At the age of 35, Rozina defies the stereotype that only men are fit for search and rescue operations. During each of her operations, Rozina’s life is on the line, but she faces all such missions fearlessly. She is one of nine females in a team of 40 members of FOCUS Humanitarian Assistance, an international crisis and response and disaster risk reduction agency, which has been working in Pakistan for over a decade now.
FOCUS was founded in 1998 by the Ismaili community and is affiliated with the Aga Khan Development Network in Pakistan. Operating in Karachi, Islamabad, Peshawar, the Northern Areas and Chitral, the team is trained in urban, mountain, avalanche, and water search and rescue.
More than their rigorous training, what is surprising is the commitment of these workers – all of whom are volunteers. From Karachi alone there are 20 members comprising professionals, students, and housewives. “I had always wanted to help humanity in some way, but when my children were younger, I knew I could not engage in an emergency operation. Now that they are older, I feel its time I give something back to society,” said Rozina, now a mother of three teenaged children.
Amyn Dossa, Chairman FOCUS Pakistan, believes it is all about commitment. “You can only become a rescue worker if you understand the value of human life and are committed towards serving humanity. No one can force or train you to be one unless you are convinced from within,” he said. He added that the team has been trained with the help of international rescue teams, including Avalanche and fire-fighting rescue workers from Sweden and France.
Moreover, Rapid UK regularly visits to train the Pakistani rescue team. Dossa, however, stressed that it is not just training that the workers need. “Possessing the right equipment and technical expertise is just as essential.”
Citing the example of the recent Marriott bomb blast in Islamabad, he said that government rescue teams were unable to evacuate the top floors of the hotel because they lacked the sophisticated equipment needed to carry out rescue operations.

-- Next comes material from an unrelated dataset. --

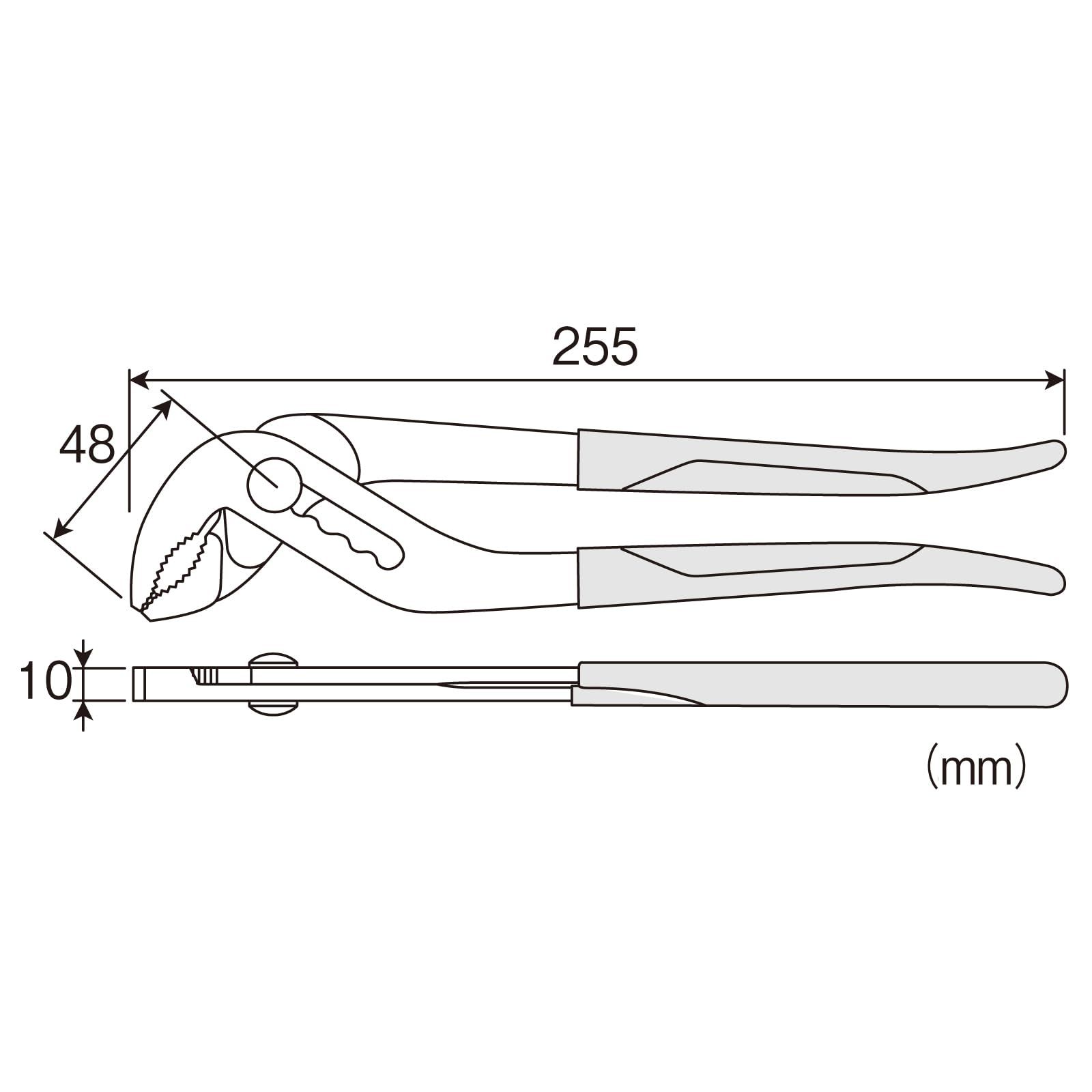 全長255mmのウォーターポンププライヤー。

In the aftermath of the October 2005 earthquake, FOCUS provided relief to victims initially in Margalla Towers, Islamabad and later in Balakot and Muzaffarabad. The team was also present in the recent Balochistan earthquake in October 2008. “Before the rescue operation begins,” said Dossa, “a Disaster Assessment Response Team first carries out the initial damage and needs assessment in the area after which the rescue team follows through.”
The team has not only responded to the disasters within the country, but also in neighbouring countries including China (during the May 2008 earthquake) and India (during the 2004 tsunami). Dossa added that the government recently approached FOCUS to train CDGK’s Urban Search and Rescue team, and is working in collaboration with the government’s National Disaster Management Authority. “It is difficult to work in isolation, and such efforts should be collective. In areas where FOCUS does not have access, we work in assistance with the Army too.”

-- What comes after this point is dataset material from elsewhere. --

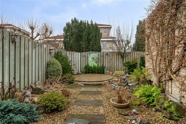 De achtertuin is verzorgd aangelegd met meerdere terrassen, beplanting en sierbestrating en biedt veel privacy.

When not working in disaster-struck areas, the team shifts its focus to disaster-prone areas of the country through its PMP (Prevention, Mitigation and Preparedness) programme. “Through the PMP programme, we have trained communities in ‘red zone’ areas of Gilgit and Chitral – two naturally hazardous regions of the country,” said Dossa, adding that people residing in these strong seismic zones were earlier unaware of the risks of living in the area. “An attitude change has been noticed.

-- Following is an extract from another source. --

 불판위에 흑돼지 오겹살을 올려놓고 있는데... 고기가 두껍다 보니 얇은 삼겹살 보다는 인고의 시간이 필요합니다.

People are now aware of the importance of such training, and this awareness in itself is a powerful source of motivation,” he said. This degree of self-reliance has helped women in the area overcome their fear too. “They feel safer and better prepared now,” he added.
During the training programme, necessary equipment is stored in each participating village as well. A standard emergency stockpile comprises blankets, shovels, tarpaulins, tents, ropes, torches, batteries, axes, bamboo poles, crowbars and first aid kits. “Satellite telephones for emergency communications have also been introduced.” When asked why more people have not volunteered for the programme in a span of ten years, Dossa explained: “The problem is that we do not value human life as we should. The need for more rescue teams will not be realised until we educate people and convince them to come forward.”
Keeping in mind the climate change and severe weather conditions, natural disasters across the world are expected to rise in the coming years, including Pakistan. “Urban and rural communities are equally vulnerable. We need to prepare ourselves so we can help minimise the impact of disasters.” For this, Dossa suggests that more volunteers like Rozina, irrespective of their gender or profession, should come forward.